Topic Area: Fertility Control
Geographic Area: China
Focal Question: Does Government Enforcement of Fertility
Control Promote Sustainability?
Sources:
(1) Carol A. Scotese and Ping Wang, "Can Government
Enforcement Permanently Alter Fertility? The Case of China",
Economic Inquiry, October 1995, p 552-569.
Reviewer: Caitlin P. Lane, Colby College '96
Review:
In developing countries, per capita output growth is often slowed by
high birth rates. Traditional values, ignorance of birth control
technology, and labor intensive farming all play a role. For this
reason, many developing countries experiencing high birth rates have
adopted population control policies.
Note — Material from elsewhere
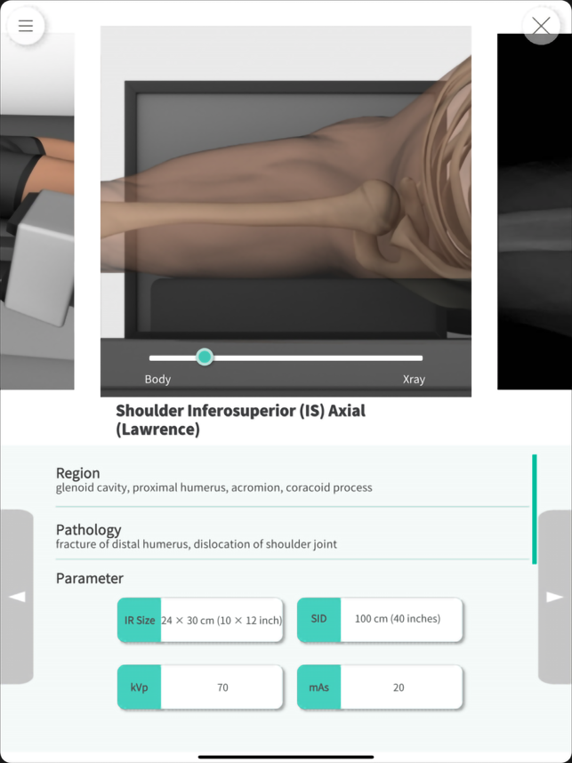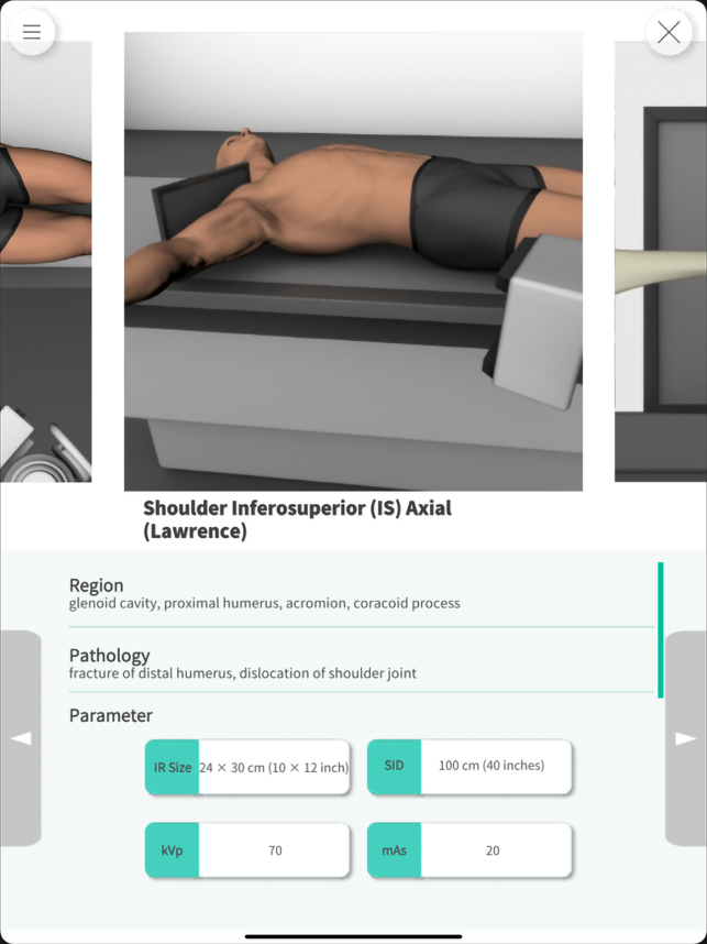 Navi Radiography: Mobile Guide for Radiography with 3D imageMobile Application Version of Meducoach Radiography (meducoach.com)Naviradiography Pro (Navi Rad Pro)- 245 Radiography Methods· 45 head and skull tests· 28 vertebral column tests· 53 thoraco-abdominal tests· 55 upper extremities tests· 64 lower extremities tests- Beam's Eye View· 3D image on the X-ray incident direction.· Perfectly matched Skin, Bones, X-ray picture· Adjusting transparency with One-Tap· Identifying the principles of X-ray picture easily and perfectly- Position & X-ray· 3D image reproducing the posture of the patient perfectly· Front view, side view, perspective view, etc· Direction of beam, angles, and various radiographic parameter· X-ray image atlas, anatomical and medical terms- Summary· Various language with the medical term· Region, pathology, IR Size, SID, the central ray· Respiration, patient position, collimation, kVp, mAs· Image evaluation and tipBest Choice to learn radiographic methods (radi

This case analyzes the impacts
of control policies used in China. The results show that "only
preference shifts, involving education, health care and the
employment and social status of women, can generate a statistically
significant long-run decline in fertility growth. However, the
government's enforcement power can explain some short-run movements
in fertility". This case is interesting, as due to the strong
influence of the communist party, the government can easily regulate
an individual's life, including control over housing, employment and
salaries.
The People's Republic of China is the only country to use quotas on
child bearing decisions. In 1970, the government issued three
reproductive norms: late marriage, longer spacing between births and
fewer children. Men were encouraged to marry no earlier than 28 yrs
old (25 yrs in rural areas) and women no earlier than 25 yrs old (23
yrs in rural areas). After the first child, couples were encouraged
to allow four years between any subsequent births. The fewer children
norm suggested two children for urban families and three for rural
ones. In 1979, authorities limited households to only one child.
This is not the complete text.